== Segment start ==

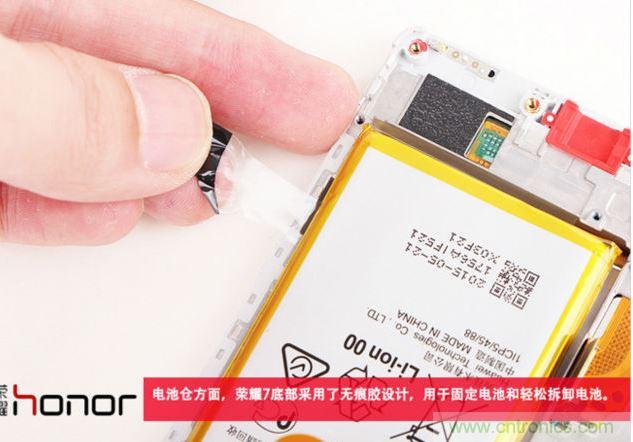 電池倉,榮耀7底部采用無痕膠設(shè)計(jì),用于固定和輕松拆卸電池。
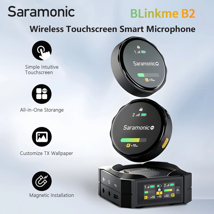 Беспроводная петличная микрофонная система с цифровой модуляцией и встроенной антенной, совместимая с iPhone, Android-устройствами через Type-C, DSLR-камерами, ПК и ноутбуками. Комплект включает пару согласованных элементов для записи двух источников звука одновременно. Конденсаторный капсюль с всенаправленной диаграммой направленности обеспечивает равномерный захват голоса.
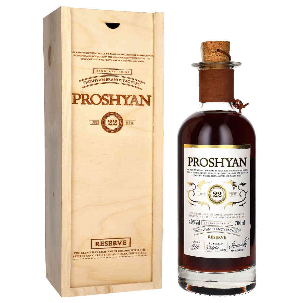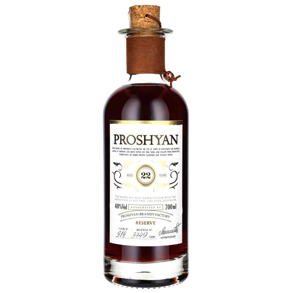 Brandy Armenian Proshyan 22YO powstała z odmian winogron Kangun i Bananc. Leżakowana minimum 22 lata w beczce dębowej (kaukaski dąb). Armenia, regiony Armavir, Tavush i Ararat.

== Segment end ==

* WORK REQUIRED:
The response consists of the data above printed line for line, with no pictures.

* YOUR RESPONSE:
 電池倉,榮耀7底部采用無痕膠設(shè)計(jì),用于固定和輕松拆卸電池。
 Беспроводная петличная микрофонная система с цифровой модуляцией и встроенной антенной, совместимая с iPhone, Android-устройствами через Type-C, DSLR-камерами, ПК и ноутбуками. Комплект включает пару согласованных элементов для записи двух источников звука одновременно. Конденсаторный капсюль с всенаправленной диаграммой направленности обеспечивает равномерный захват голоса.
 Brandy Armenian Proshyan 22YO powstała z odmian winogron Kangun i Bananc. Leżakowana minimum 22 lata w beczce dębowej (kaukaski dąb). Armenia, regiony Armavir, Tavush i Ararat.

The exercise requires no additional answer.